Metroid

CHAPTER 1 - The Comedown

It was done.

Samus had escaped from planet ZDR, destroying Ravenbeak and all his research on her way out.

Now the only metroid DNA in the entire galaxy… was in Samus herself.

Adam had betrayed her to the Galactic Commission, bringing about the ironic twist of fate of a bounty hunter now turned prey. For her DNA, her continued existence itself posed a risk to the stability of the entire galactic civilization.

Samus stood up and kicked her control chair hard. She pulled off her helmet and cast it into a corner, her long, golden hair cascading down, shimmering eerily in the green light of the control console.

A strained sob escaped her as she stood behind the chair, and she slammed her fist on the headrest. She ripped off her gauntlet and arm cannon and with the same reckless abandon, cast them into a pile in the corner. Then, piece by piece, she removed her armor until she was in the vivid blue second skin she called her Zero Suit.

She found the three pentagons on the neck of the suit with the fingers of her left hand, which caused it to retract like a rubbery liquid, then condense into a hand-held pod, which she placed carefully on the nightstand next to her cot, and made her way to the head.

Closing the curved door of the head to reveal the full-length mirror on the back of it, she gazed at herself for a long while.

Visually, she was no different than before this awakening of the metroid DNA in her. Long, golden hair, eyes as vividly blue as her Zero Suit, and skin as fair as porcelain. But the mission had left her gaunt, with muscles bulging from beneath her skin with no feminine veneer to soften it.

And she was an orphan. Again.

Emaciated and alone, a genetic experiment on the run from civilization. She realized she was squatting, crying.

Some bounty hunter.


She hated this part of the job. The comedown. She had never handled it well, and it certainly wouldn’t end well this time. She spent the next days and weeks in her ship naked, wandering aimlessly, staring out the front screen, brushing her hair, reading a book in her cot, waiting for some kind of horrible change to take over her body.

Waiting to sprout fangs, or turn into gelatin, or suck all the energy out of the ship the next time her hand touched it.

But nothing happened. The tall, athletic blonde in the mirror stayed a tall, athletic blonde, though constant mindless snacking and overindulging at the food replicator had softened the hard lines of her body that she had hated so much.

She supposed she had the sacrifice of the Chozo-turned-X, whom she had absorbed before taking off, to thank for stabilizing her genes. Slowly, the pressing anxieties of transformation and the underlying sense of illness that her gaunt body had given her faded away, and she was able to consider her position. Her long-term position.
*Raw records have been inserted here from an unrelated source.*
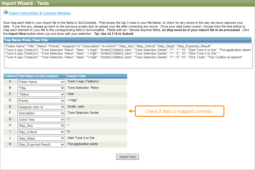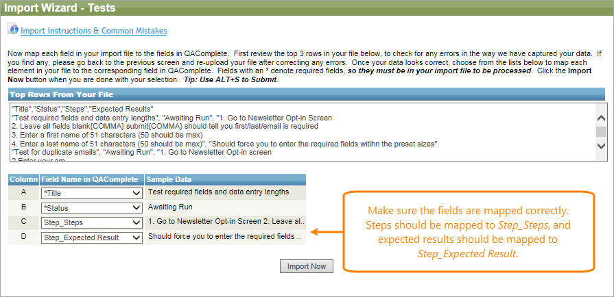 Browse to your file and click Next Page. If your column headers match field names of the test, the import will map the column to the field name. Use the drop-down list under the field name to map any columns that were not automatically recognized. Check the mapping for consistency, then click Import Now.
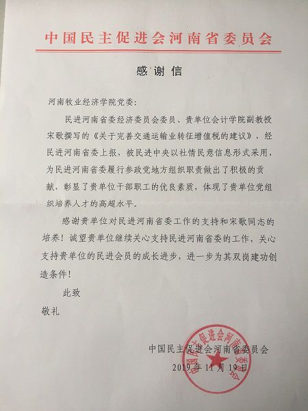 近日,从中国民主促进会河南省委员会传来消息,民进1066vip威尼斯官网支部会员、金融与会计学院宋歌副教授撰写的《关于完善交通运输业转征增值税的建议》被民进中央采用。
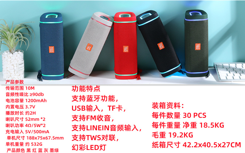 TG375 무선 블루투스 스피커 야외 카드 무거운 서브 우퍼 카드 소형 스테레오 휴대용 led 블루투스 스테레오스토어 가기
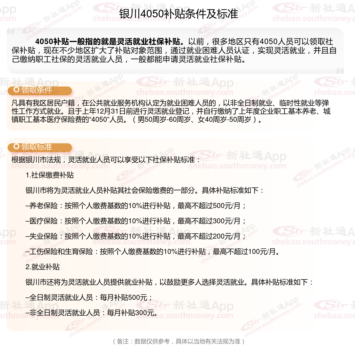 二、银川4050社保补贴标准及条件2023-2024年,最新如下
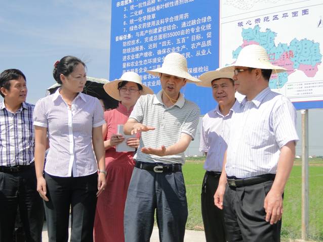 7月18-19日,农业部种植业管理司叶贞琴司长、植保植检处李建伟处长、粮油处刘亚萍处长一行来我省检查指导植保植检工作,省农业厅李志纯副厅长、省站欧高财站长、厅粮油处许靖波处长全程陪同。督查组一行先后到益阳市赫山区龙光桥镇、八字哨镇,岳阳县筻口镇、长湖镇,岳阳市田园牧歌公司总部进行了实地察看,并对我省专业化统防统治、绿色防控和当前病虫发生情况进行了详细了解。叶司长一行对我省的植保植检工作给予了充分肯定,并指出:湖南将专业化统防统治与绿色防控工作融合推进,既很好地发挥了专业化统防统治组织的平台作用,又有利于更有效地推进绿色防控工作,非常具有生命力。农业部将择机在湖南省举办两项工作融合推进现场会,向全国推广我省的典型经验。
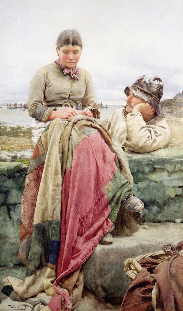 männlich · weiblich · liebhaber · jung · sitzend · mauer · bucht · meer · dorf · cornish · newlyn school · ausbessern · nähen · nähen · patchwork-quilt · strand · fischer · werben · umwerbung · unterhaltung · liebe · paar · beziehung · melancholie · Private Collection / Bridgeman Images
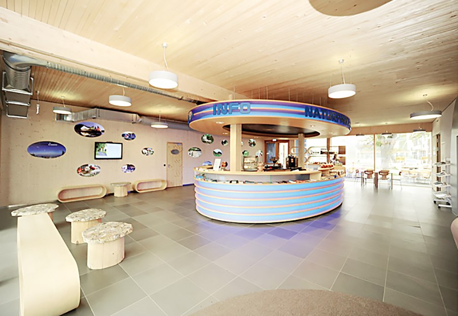 Das Alpseehaus in Immenstadt (Bühl) ist ein Naturerlebnishaus. Das Ziel der Planung war, das Gebäude so naturnah wie möglich zu gestalten, um einen verantwortungsvollen und nachhaltigen Umgang mit den natürlichen Ressourcen zu demonstrieren. Die Gebäudehülle wurde im Passivhausstandard realisiert, komplett aus Allgäuer Holz, gedämmt mit Holzfaser und Zellulose, sämtliche Baustoffe gewonnen aus nachwachsenden Rohstoffen, giftfrei, recyclingfähig, umweltschonend und wohngesund. Das ambitionierte Gebäude vereint sehr unterschiedliche Nutzungen unter einem Dach: einen großen Foyerbereich mit Gästeinformation, mehrere Büroräume, Ausstellungsräume und einen Filmvorführraum. All diesen unterschiedlichen Anforderungen muss die Beleuchtung gerecht werden.
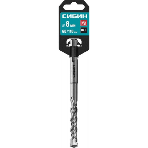 Бур SDS-plus СИБИН 29312-110-08, предназначен для сверления отверстий в бетоне, граните, кирпичной кладке, камне и твердом известняке. Твердосплавная пластина ВК8. Спираль S4 с усиленным сердечником.

She was an outlaw. Once the galaxy’s most heralded defender, now she was the object of a bounty, dead or alive. Suddenly, she remembered something. A once-hated enemy. A group of fellow outlaws.

The space pirates.

Would they be able to put aside their differences (she had killed quite a few of them, and ruined all their research efforts as well)? There was no use hiding who she was, she was notorious and she would have to offer them her skills anyway. Her suit still lay in a pile by the command chair. She looked at it, munching thoughtfully on another carrot cake cupcake in one hand, and a chocolate donut in the other.
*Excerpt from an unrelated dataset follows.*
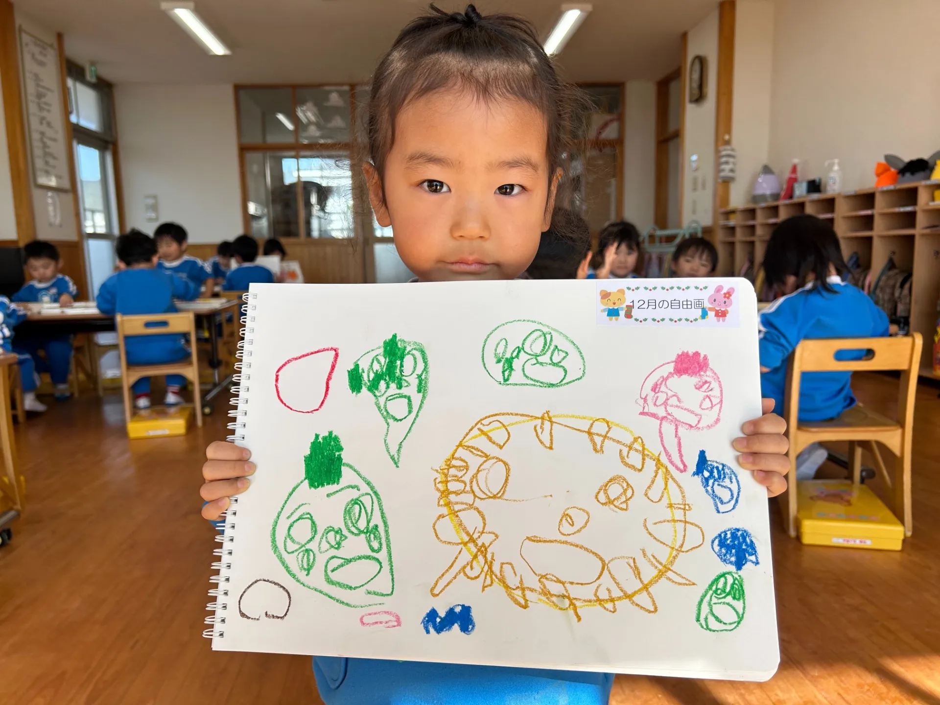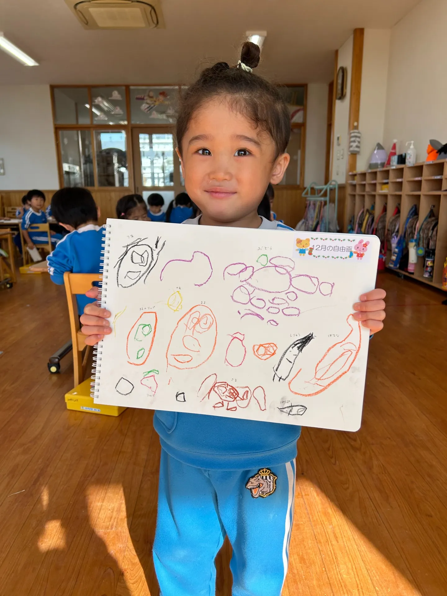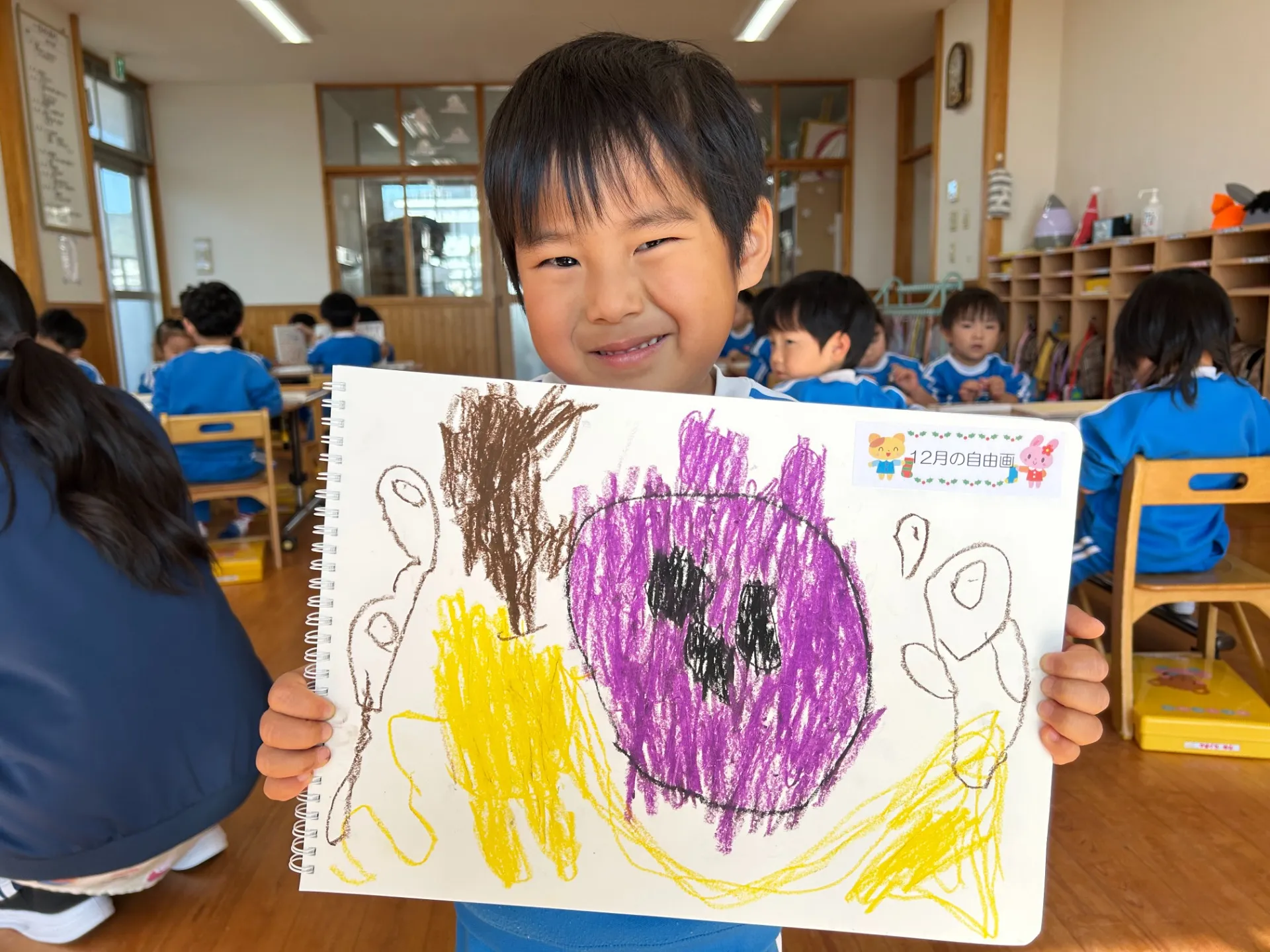 長い間練習に励んできたお遊戯会が終わりのんびりと過ごしているばら組さんです😊この日のお絵描きのテーマは「好きなもの」でした❤人や食べ物や玩具や…好きなものなんでも描いてみよう!ということでばら組さんは「ママとパパ」「にーに、ねーね」「仮面ライダー」など好きなものを思い思いに描いていましたよ![]()

She couldn’t stay on the ship forever. Eventually she would have to land and refuel, resupply the raw materials for the replicator. She took a few large gulps of a dark, heavy pilsner and took another bite of donut. That last thought was motivation enough.
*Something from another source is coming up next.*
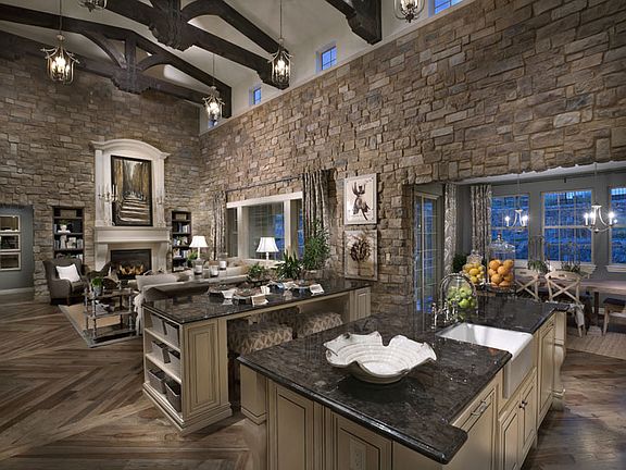 Plan Two: Main Floor Master, 3,564 finished square feet, 3 bedrooms + study + loft, 3 ½ to 4 baths, 3 to 4 car garage. This plan combines the ease of a main-level master bedroom with the space of a two-story. It also presents you with a difficult decision: would you rather give yourself a fourth garage space, or extend the courtyard to include a sitting area with an optional outdoor fireplace? Fortunately, you don't have to choose right now. Just savor the idea of a wide-open great room and kitchen which feel even more expansive thanks to two-story ceilings that stretch over the entire space. Or imagine unwinding in your master bathroom, with its elegant free-standing bathtub.

She got up from the couch that her cot converted into during waking hours, and sat down in the command chair for the first time since escaping the planet. Space pirates hideouts were, by their nature, not common knowledge, but as a bounty hunter, she kept a vast stock of data on all criminal activity. After poring over the most recent data readouts from before her network access had been cut off, she punched in some coordinates that seemed likely, and programmed the ship to reroute. About a month out at light speed.

Then she ordered a big basket of crispy French fries and another pilsner from the replicator, and resumed her position on the couch, and focused all her energies on enjoying her last action-free month.